We have a number of robots installed at various locations, and servicing customers. All robots get their instructions from a central cloud database with customer data, and each have an SQS queue which delivers the commands they have to execute, and the robots broadcast any events using SNS, and some lambdas are triggered by these SNS messages and handling them.
Now we want to have a better handling and overview of errors occurring on the robots and in generel have better statistics.
What we need is:
- Get an alarm when an error happens that requires manual action to recover.
- An overview of which types of errors that happens most.

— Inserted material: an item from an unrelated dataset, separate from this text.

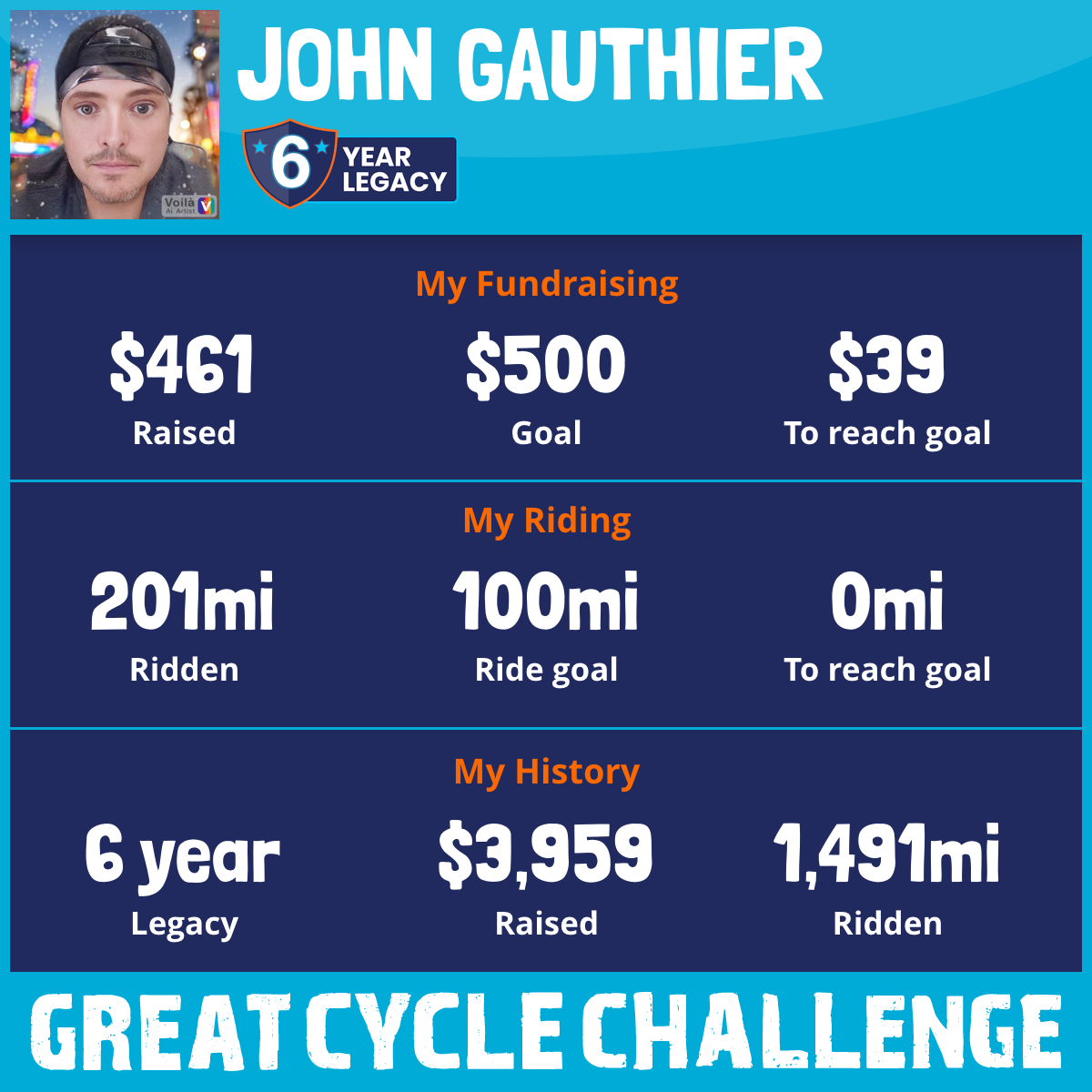 201 mi Ridden$461 Raised2025

- What errors happen before others (i.e. what error has lead us to a
recovery_error
which needs manual maintenance) Overall stats of the performance from a given period
- Number of successful sessions
- Failed sessions caused by user error
- Failed sessions caused by technical errors
- Errors where the robot cannot automatically recover and go back to initial position.
All messages have a type
attribute which can be status
, warning
, error
or recovery_error
and a value
attribute which describes the type of status, error etc.
My thought is to have a lambda that's subscribed to all SNS messages and will upload these to another system which we will then collect it all and provide what we need for extracting the data mentioned above.
Which AWS products would you recommend for this? I already looked a little at CloudWatch, but I'm not sure if it can cover our needs.
We have also considered just dumping all SNS messages into a database, and do custom queries on the tables. But that sounds like a solution that can quickly require a lot of work on our side, as our need grows.
We'd prefer an off the shelf solution and adjust our workflow to that.
Thanks in advance for any tips.
CloudWatch provides out of box time based metrics and logs ingesting, querying and dashboard. Also it provides alarming based on the metrics. Generally it satisfies your requirements to collect the metrics of your devices, alarming when something error happening, having stats dashboard based on given period. Even you can use CloudWatch agent/API directly sending the data from devices.
Also managed elastic search with Kibana also provides the great data aggregation capability and better dashboard user experience.
Another approaching is leveraging the IoT services they probably better fit into your requirements.